After dinner Sam refused help with cleanup. “You traveled. You just sit. I do this with music on and it’s the best part of my day.” She carried the soup pot and the pan inside and put on something that sounded like Cuban guitar from a speaker on the kitchen counter.

Then she came back out with three bowls and a bag from the freezer.
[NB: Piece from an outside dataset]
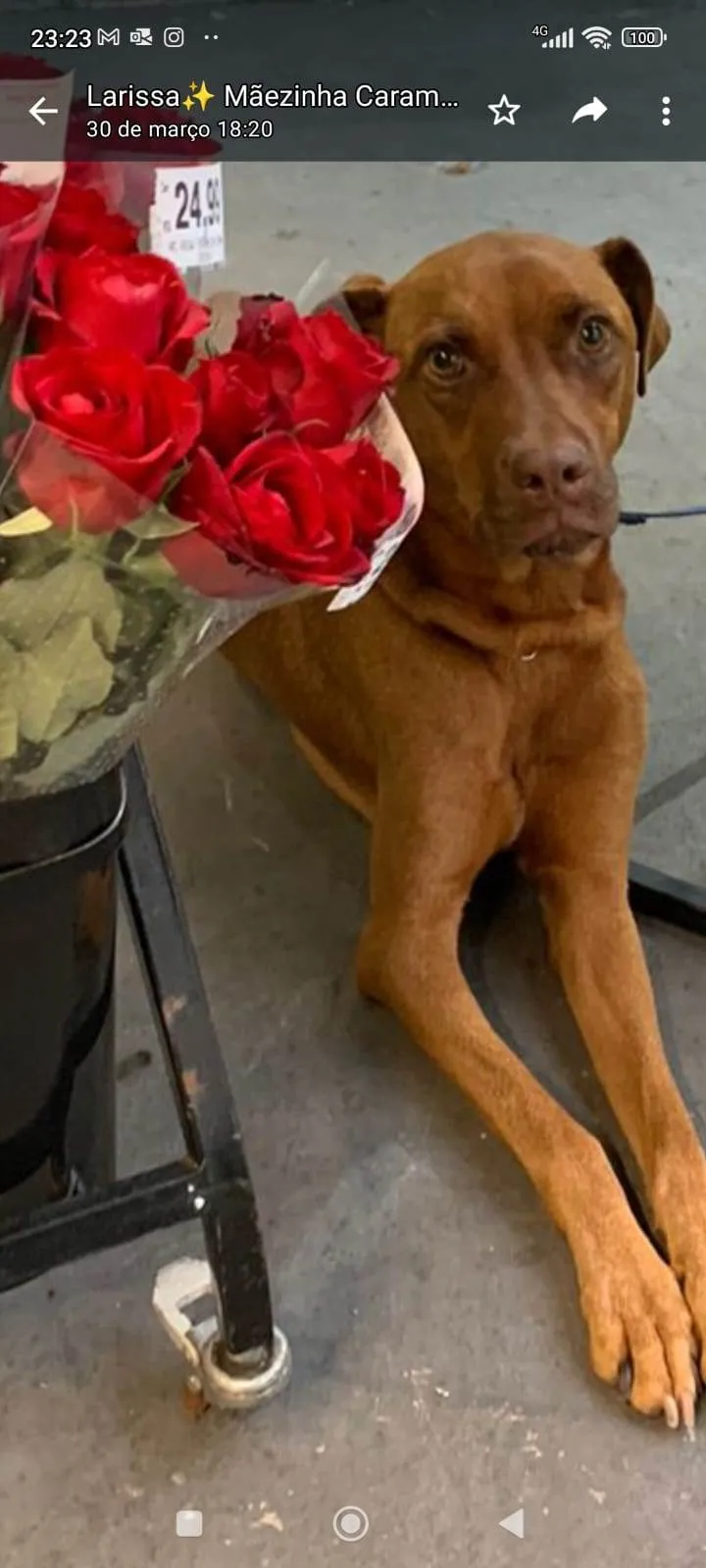 Eu sou a Caramela. Sou jovem, tenho cerca de 1 aninho de idade e peso uns 18kg. Fui encontrada nas ruas, grávida. Tive 6 filhotinhos que estão em processo de adoção. E agora é minha vez de procurar uma família humana para chamar de manhã.

“I also have ice cream,” Sam said. “And I have—” She went back inside and returned with a jar of hot fudge, a can of whipped cream, and a bag of sprinkles in a container that looked like it had crossed state lines more than once. She seteverything on the patio table. “Dessert. Which is also an apology for dinner.”

“Dinner was fine,” Bea said.

“Dinner was Campbell’s. This is the real course.” Sam scooped ice cream into bowls and pushed the toppings toward them. “Help yourselves. Don’t be polite about it.”

Sam’s bowl ended up with hot fudge and whipped cream in a pile that collapsed sideways. Bea had hot fudge and the last of the sprinkles. Stella had mint chocolate chip, plain, no toppings.

Stella looked at the spread on the table—the ice cream, the toppings, the grandmother she’d never met handing out bowls on a patio—and something clicked.

“So, this is where it comes from,” she said quietly.

“Where what comes from?” Sam asked, licking hot fudge off her thumb.

“Nothing.” Stella took a bite of her ice cream. “Family thing.”

Bea caught Stella’s eye across the table. The look that meant I caught that too. Stella looked away first.

“She’s amazing,” Bea said after Sam had taken the bowls inside.